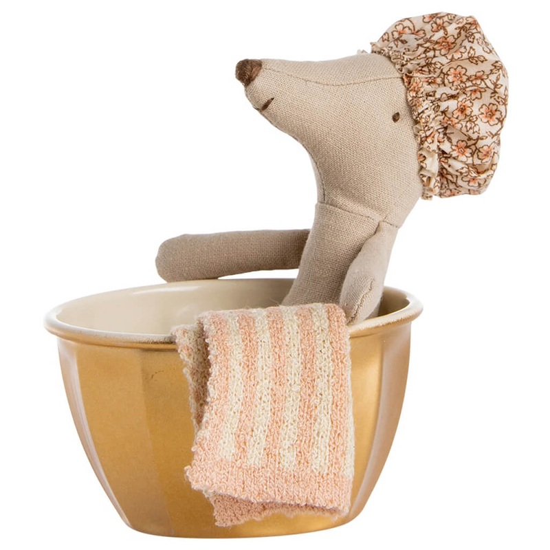 Like everyone else, this mouse loves to spend hours in the warm water of the spa.Age: 3 years+This playset includes a golden bathtub, a mouse, and a towel.Material: CottonSize: H3 x W2 inches
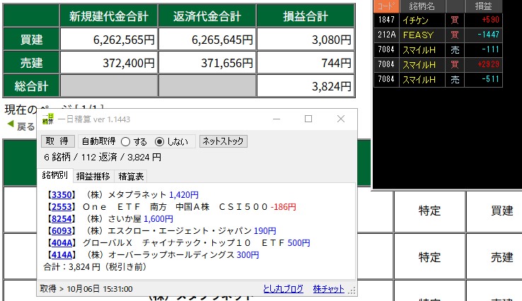 ポチッと応援して頂けたら嬉しいです HOME > トレード結果 > トレード結果 日々の成績 2025/10/06 2025年10月6日 ご祝儀相場に何も出来ず 10時までも全然出来て無くそれ以降はほぼノートレで終了 辛すぎる!w オマケは前引けのスマイル拾えて+1400 クロオクでフィットイージーもガチコン決まるかと思ったけどダメでした 本日 +3800でした ポチッと応援して頂けたら嬉しいです ※お知らせ フィスコさんからオファーを頂いて、自分のトレード動画を見てみたいと言ってくれる方も多数いたのでチャレンジしてみました 普段のトレードをそのまま見せています スキャルピング目線の人はもちろん時間軸が違う方にもインアウトのタイミングや考え方は参考になると思っています 板読みについて丁寧に説明したつもりなのでよけばお願いします! 気になる事があればDMなどで連絡下さい 板読みデイトレ術 東京メトロ TwitterTwitter LINE コピーする -トレード結果, 日々の成績
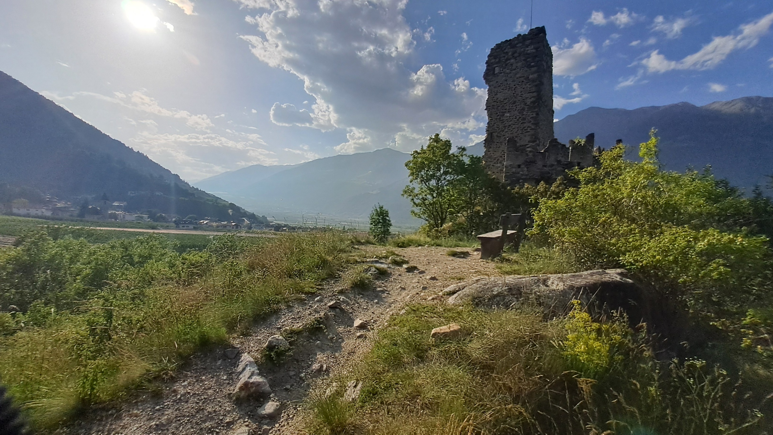 Etwa 3 Stunden fahrt von Murnau entfernt liegt die Gemeinde Latsch im Vinschgau, dem westlichen Teil Südtirols. Und wer Latsch hört, der denkt als allererstes an steile Trails und weite Bergtouren. Vor mehr als 18 Jahren hat man hier schon Trails für MTBs gebaut. Lange bevor dieser Boom Deutschland erreicht hat. Wer dabei den „Sonnenberg“ von Latsch mit der St. Martin-Bahn hochfährt, der findet auch direkt sehr anspruchsvolle Trails im Bereich S2 und S3. Nichts für Anfänger und ja, wer die Dinger richtig runterfährt, der wird wohl mit dem ein oder anderen Materialschaden rechnen müssen. Aber auch an diesem Berg wird klar, wie die Gemeinde ein Nebeneinander von Natur, Tourismus und Sport schafft. Wer mit der Bahn die 1000 hm inklusive Bike fahren möchte, der kann das nur zu bestimmten Zeiten und am Nachmittag auch nur für geführte Touren. Somit vermeidet man eine „Übervölkerung“ des Berges und zu viel „Anarchie“ durch Biker. Latsch ist in weiten Teilen aber fast nur etwas für Experten. Wer eine Tour mit Einsteigerpotenzial machen will, der nimmt sich am besten den Latscher Trailzauber vor. Gute 30 Kilometer in schattigem Gelände. Einige Abschnitte muss man rauf, aber es geht auch gut runter. Vor einigen Jahren war dieser Trail mal mit einem S1 für Anfänger kategorisiert worden. Mittlerweile muss man sagen: S2 ist hier angemessen. Es gibt viele Stellen, die eher einem Steig ähneln. Richtig „flow“ kommt erst am Ende auf, wenn man auf die Burg Obermontani zurollt. Und trotzdem bleibt die Strecke ein Klassiker, die auch zeigt, wie man Wanderer und Mountainbiker zusammenbringt. In Latsch sind überall Wege mit Trail-Tolerance ausgeschrieben. Ein Begriff, der in Deutschland wohl eher ein Fremdwort ist. Wanderer und Radfahrer auf einem Weg? Unvorstellbar, aber es klappt – nicht nur auf dem Latscher Trailzauber
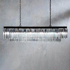 - French Art Deco style of the 1920s is reborn in our glamorous Leyland Lighting Collection, featuring layered row upon row of faceted glass crystals from a rustic iron frame.
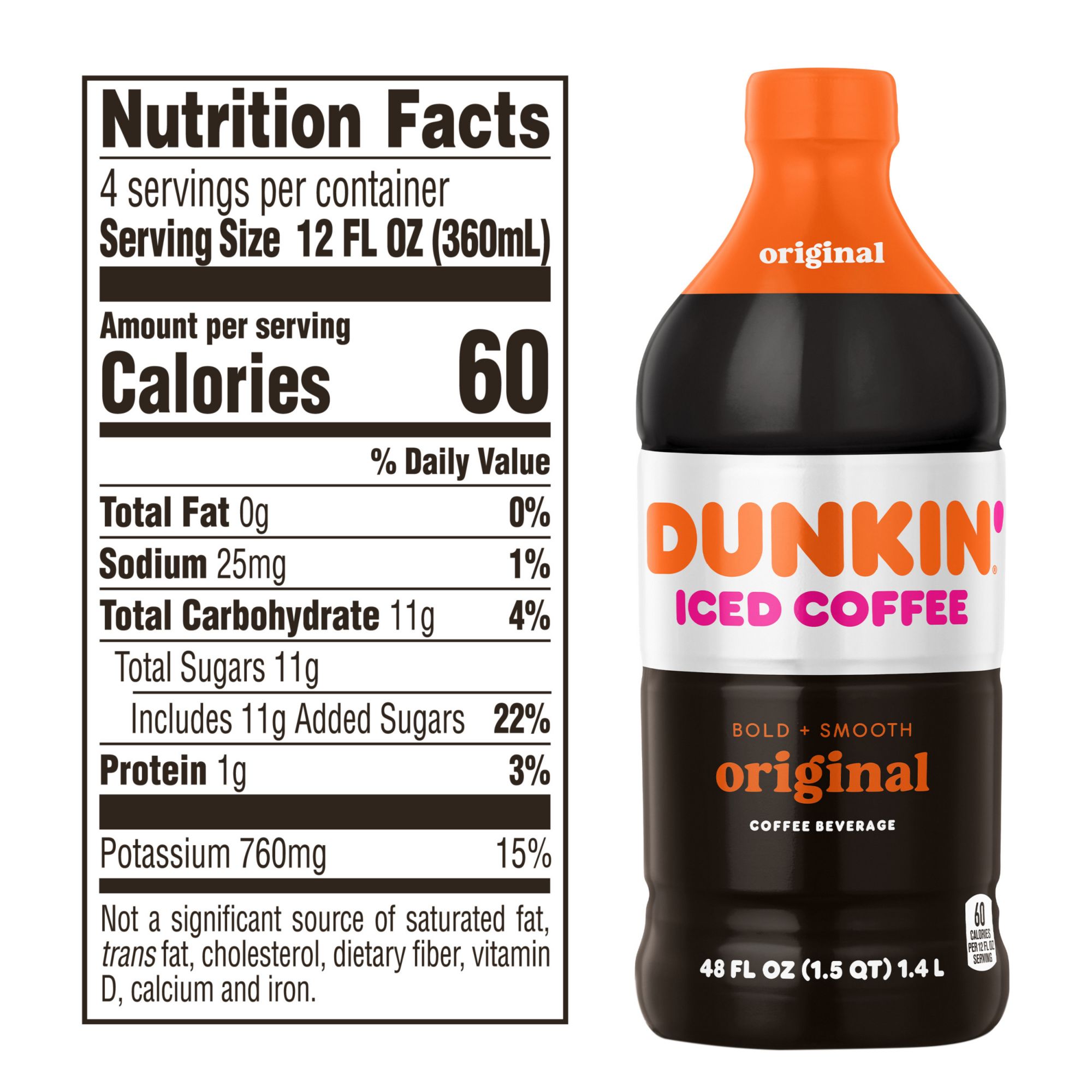 Rich, smooth Dunkin’ Original Iced Coffee in a 48 fl. oz. bottle to keep you running on Dunkin’ all week
━━━━━━━━━━━━━━━━
TASK ITEM » Repeat every record above exactly. The pictures do not belong in the copy.

SOLVED EXERCISE »
 Like everyone else, this mouse loves to spend hours in the warm water of the spa.Age: 3 years+This playset includes a golden bathtub, a mouse, and a towel.Material: CottonSize: H3 x W2 inches
 ポチッと応援して頂けたら嬉しいです HOME > トレード結果 > トレード結果 日々の成績 2025/10/06 2025年10月6日 ご祝儀相場に何も出来ず 10時までも全然出来て無くそれ以降はほぼノートレで終了 辛すぎる!w オマケは前引けのスマイル拾えて+1400 クロオクでフィットイージーもガチコン決まるかと思ったけどダメでした 本日 +3800でした ポチッと応援して頂けたら嬉しいです ※お知らせ フィスコさんからオファーを頂いて、自分のトレード動画を見てみたいと言ってくれる方も多数いたのでチャレンジしてみました 普段のトレードをそのまま見せています スキャルピング目線の人はもちろん時間軸が違う方にもインアウトのタイミングや考え方は参考になると思っています 板読みについて丁寧に説明したつもりなのでよけばお願いします! 気になる事があればDMなどで連絡下さい 板読みデイトレ術 東京メトロ TwitterTwitter LINE コピーする -トレード結果, 日々の成績
 Etwa 3 Stunden fahrt von Murnau entfernt liegt die Gemeinde Latsch im Vinschgau, dem westlichen Teil Südtirols. Und wer Latsch hört, der denkt als allererstes an steile Trails und weite Bergtouren. Vor mehr als 18 Jahren hat man hier schon Trails für MTBs gebaut. Lange bevor dieser Boom Deutschland erreicht hat. Wer dabei den „Sonnenberg“ von Latsch mit der St. Martin-Bahn hochfährt, der findet auch direkt sehr anspruchsvolle Trails im Bereich S2 und S3. Nichts für Anfänger und ja, wer die Dinger richtig runterfährt, der wird wohl mit dem ein oder anderen Materialschaden rechnen müssen. Aber auch an diesem Berg wird klar, wie die Gemeinde ein Nebeneinander von Natur, Tourismus und Sport schafft. Wer mit der Bahn die 1000 hm inklusive Bike fahren möchte, der kann das nur zu bestimmten Zeiten und am Nachmittag auch nur für geführte Touren. Somit vermeidet man eine „Übervölkerung“ des Berges und zu viel „Anarchie“ durch Biker. Latsch ist in weiten Teilen aber fast nur etwas für Experten. Wer eine Tour mit Einsteigerpotenzial machen will, der nimmt sich am besten den Latscher Trailzauber vor. Gute 30 Kilometer in schattigem Gelände. Einige Abschnitte muss man rauf, aber es geht auch gut runter. Vor einigen Jahren war dieser Trail mal mit einem S1 für Anfänger kategorisiert worden. Mittlerweile muss man sagen: S2 ist hier angemessen. Es gibt viele Stellen, die eher einem Steig ähneln. Richtig „flow“ kommt erst am Ende auf, wenn man auf die Burg Obermontani zurollt. Und trotzdem bleibt die Strecke ein Klassiker, die auch zeigt, wie man Wanderer und Mountainbiker zusammenbringt. In Latsch sind überall Wege mit Trail-Tolerance ausgeschrieben. Ein Begriff, der in Deutschland wohl eher ein Fremdwort ist. Wanderer und Radfahrer auf einem Weg? Unvorstellbar, aber es klappt – nicht nur auf dem Latscher Trailzauber
 - French Art Deco style of the 1920s is reborn in our glamorous Leyland Lighting Collection, featuring layered row upon row of faceted glass crystals from a rustic iron frame.
 Rich, smooth Dunkin’ Original Iced Coffee in a 48 fl. oz. bottle to keep you running on Dunkin’ all week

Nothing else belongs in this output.